The receptor type protein tyrosine phosphatase D (PTPRD) gene encodes a cell adhesion molecule likely to influence development and connections of addiction-, locomotion- and sleep-related brain circuits in which it is expressed. The PTPRD gene harbors genome-wide association signals in studies of restless leg syndrome (Willis-Ekbom disease (WED)/restless leg syndrome (RLS); p < 10−8) and addiction-related phenotypes (clusters of nearby single nucleotide polymorphisms (SNPs) with 10−2 > p > 10−8 associations in several reports). We now report work that seeks (a) association between PTPRD genotypes and expression of its mRNA in postmortem human brains and (b) RLS-related, addiction-related and comparison behavioral phenotypes in hetero- and homozygous PTPRD knockout mice. We identify associations between PTPRD SNPs and levels of PTPRD mRNA in human brain samples that support validity of mouse models with altered PTPRD expression. Knockouts display less behaviorally defined sleep at the end of their active periods. Heterozygotes move more despite motor weakness/impersistence. Heterozygotes display shifted dose-response relationships for cocaine reward. They display greater preference for places paired with 5 mg/kg cocaine and less preference for places paired with 10 or 20 mg/kg. The combined data provide support for roles for common, level-of-expression PTPRD variation in locomotor, sleep and drug reward phenotypes relevant to RLS and addiction. Taken together, mouse and human results identify PTPRD as a novel therapeutic target for RLS and addiction phenotypes.

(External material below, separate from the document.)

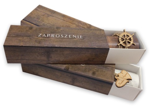 Do zaproszeń z Kolekcji WoodArt posiadamy pięknie pasujące pudełka z napisem zaproszenie. Zapraszamy do zakupu zaproszeń w pakiecie wraz z pudełkami i księgą gości - otrzymają Państwo wówczas atrakcyjny rabat.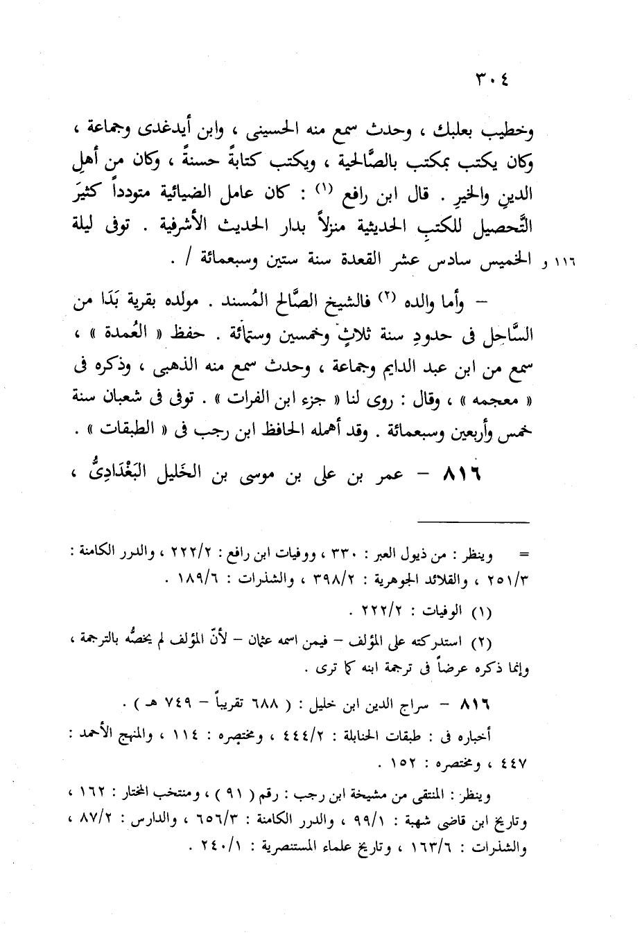 وخطيب بعلبك وَحدث سمع مِنْهُ الْحُسَيْنِي وَابْن أيدغدى وَجَمَاعَة وَكَانَ يكْتب بمكتب بالصالحية وَيكْتب كِتَابَة حَسَنَة وَكَانَ من أهل الدّين وَالْخَيْر قَالَ ابْن رَافع كَانَ عَامل الضيائية متوددا كثير التَّحْصِيل للكتب الحديثية منزلا بدار الحَدِيث الأشرفية توفّي لَيْلَة الْخَمِيس سادس عشر الْقعدَة سنة سِتِّينَ وَسَبْعمائة وَأما وَالِده فالشيخ الصَّالح الْمسند مولده بقرية بدا من السَّاحِل فِي حُدُود سنة ثَلَاث وَخمسين وسِتمِائَة حفظ الْعُمْدَة سمع من ابْن عبد الدايم وَجَمَاعَة وَحدث سمع مِنْهُ الذَّهَبِيّ وَذكره فِي مُعْجَمه وَقَالَ روى لنا جُزْء ابْن الْفُرَات توفّي فِي شعْبَان سنة خمس وَأَرْبَعين وَسَبْعمائة وَقد أهمله الْحَافِظ ابْن رَجَب فِي الطَّبَقَات

The gene that encodes the receptor type protein tyrosine phosphatase D (PTPRD) displays neurobiological features that make its variants attractive candidates to play roles in sleep, locomotor control and addiction. PTPRD encodes a single transmembrane domain protein whose expression is likely to alter the nature of connections between expressing neurons. Ventral midbrain neurons implicated in reward, locomotor control and sleep processes, likely dopaminergic, prominently express PTPRD, as do other neurons likely to use acetylcholine, norepinephrine, γ-aminobutyric acid (GABA) and glutamate as neurotransmitters (1). PTPRD can function as a homodimer (2) or may heterodimerize with partners that include the SLITRK3 leucine-rich repeat-containing cell adhesion molecule (3). PTPRD/SLITRK3 interactions are linked to organization and strength of GABAergic synapses (4,5). Although not yet documented, similar influences on the function of dopaminergic, cholinergic and other neurons that express PTPRD also appear likely.

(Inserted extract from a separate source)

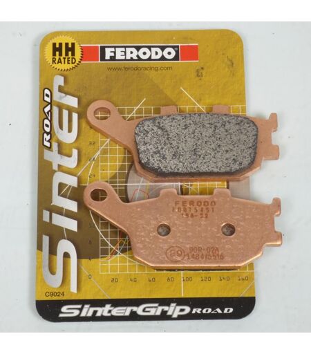 Plaquette de frein Métal fritté neuve de marque FERODO qualité Sinter Grip Road (ST). Dimensions : - Longueur : 86.1mm - Largeur : 40.2mm - Épaisseur : 9.3mm Caractéristiques principales: - Composé de métal fritté présentant les performances de morsure et de freinage les plus élevées de tous les matériaux de la gamme des plaquettes de route FERODO. - Coefficient de frottement le plus élevé (µ) dans la plage des plaquettes route - Indice de frottement le plus élevé possible - Fonctionne aussi bien dans des conditions humides que sèches - Convient uniquement aux disques en acier inoxydable - Convient pour une utilisation avec les systèmes ABS Vendues par paire. Livrées conformes à la photo. ...

PTPRD has been identified by associations that reach genome-wide (p < 10−8) significance in studies of vulnerability to the common sensorimotor/sleep disorder restless leg syndrome (RLS) or Willis-Ekbom disease (WED) (6). There are associations with intronic single-nucleotide polymorphisms (SNPs) rs1975197 and/or rs4626664 (7,8). PTPRD has also been identified in several genome-wide association studies of addiction-related phenotypes that include extensive use of an addictive substance, vulnerability to develop dependence on an addictive substance and ability to quit smoking. The individually modest addiction association signals come from clusters of nearby SNPs with 10−2 > p > 10−8 associations that fail to survive conservative Bonferroni corrections (9, 10, 11, 12, 13, 14, 15, 16, 17, 18, 19).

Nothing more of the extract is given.